Work order:
A faithful, picture-free copy of the listing below is required.

:: Supplied information ::

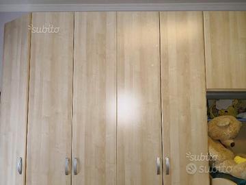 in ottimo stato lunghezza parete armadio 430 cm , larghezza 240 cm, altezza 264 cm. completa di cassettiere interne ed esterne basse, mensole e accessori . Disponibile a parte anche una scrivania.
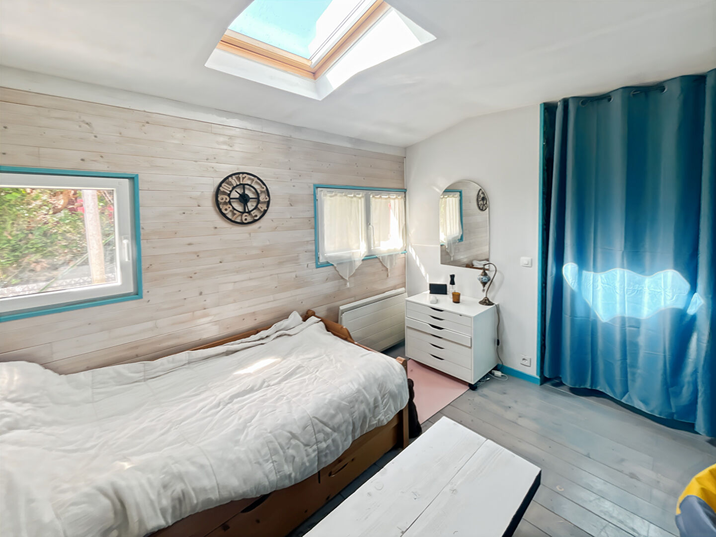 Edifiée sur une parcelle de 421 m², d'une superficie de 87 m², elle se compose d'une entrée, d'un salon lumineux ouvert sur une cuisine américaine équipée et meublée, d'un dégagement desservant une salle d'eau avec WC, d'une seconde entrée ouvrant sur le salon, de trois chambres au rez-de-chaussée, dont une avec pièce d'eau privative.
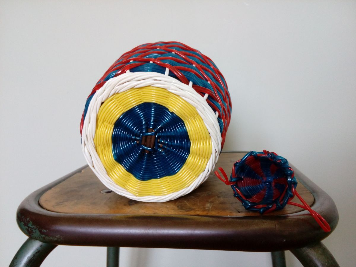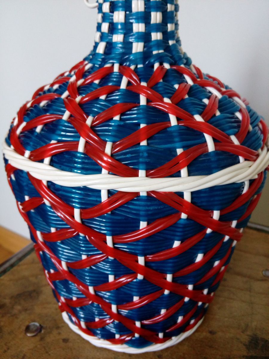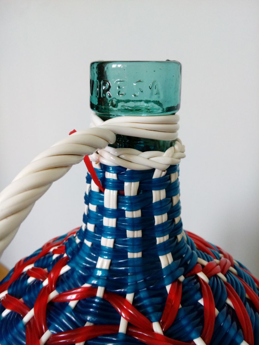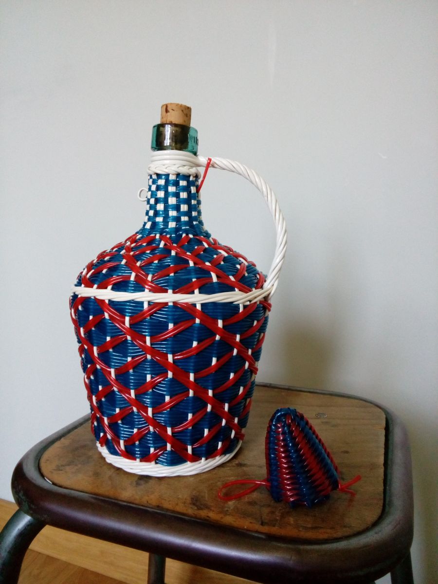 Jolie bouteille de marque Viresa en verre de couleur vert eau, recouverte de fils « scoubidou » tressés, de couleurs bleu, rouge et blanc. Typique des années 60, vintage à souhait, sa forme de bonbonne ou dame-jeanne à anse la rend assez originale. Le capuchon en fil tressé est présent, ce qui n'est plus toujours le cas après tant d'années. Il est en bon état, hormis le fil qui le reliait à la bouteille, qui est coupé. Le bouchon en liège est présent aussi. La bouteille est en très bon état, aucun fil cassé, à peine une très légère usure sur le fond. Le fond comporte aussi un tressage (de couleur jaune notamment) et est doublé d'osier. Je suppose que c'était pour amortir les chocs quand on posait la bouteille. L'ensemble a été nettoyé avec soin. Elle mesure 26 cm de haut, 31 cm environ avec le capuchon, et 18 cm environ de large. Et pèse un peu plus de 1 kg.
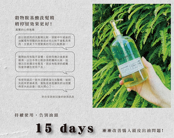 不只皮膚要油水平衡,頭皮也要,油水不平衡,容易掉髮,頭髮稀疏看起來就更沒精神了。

:::

Written solution:
 in ottimo stato lunghezza parete armadio 430 cm , larghezza 240 cm, altezza 264 cm. completa di cassettiere interne ed esterne basse, mensole e accessori . Disponibile a parte anche una scrivania.
 Edifiée sur une parcelle de 421 m², d'une superficie de 87 m², elle se compose d'une entrée, d'un salon lumineux ouvert sur une cuisine américaine équipée et meublée, d'un dégagement desservant une salle d'eau avec WC, d'une seconde entrée ouvrant sur le salon, de trois chambres au rez-de-chaussée, dont une avec pièce d'eau privative.
 Jolie bouteille de marque Viresa en verre de couleur vert eau, recouverte de fils « scoubidou » tressés, de couleurs bleu, rouge et blanc. Typique des années 60, vintage à souhait, sa forme de bonbonne ou dame-jeanne à anse la rend assez originale. Le capuchon en fil tressé est présent, ce qui n'est plus toujours le cas après tant d'années. Il est en bon état, hormis le fil qui le reliait à la bouteille, qui est coupé. Le bouchon en liège est présent aussi. La bouteille est en très bon état, aucun fil cassé, à peine une très légère usure sur le fond. Le fond comporte aussi un tressage (de couleur jaune notamment) et est doublé d'osier. Je suppose que c'était pour amortir les chocs quand on posait la bouteille. L'ensemble a été nettoyé avec soin. Elle mesure 26 cm de haut, 31 cm environ avec le capuchon, et 18 cm environ de large. Et pèse un peu plus de 1 kg.
 不只皮膚要油水平衡,頭皮也要,油水不平衡,容易掉髮,頭髮稀疏看起來就更沒精神了。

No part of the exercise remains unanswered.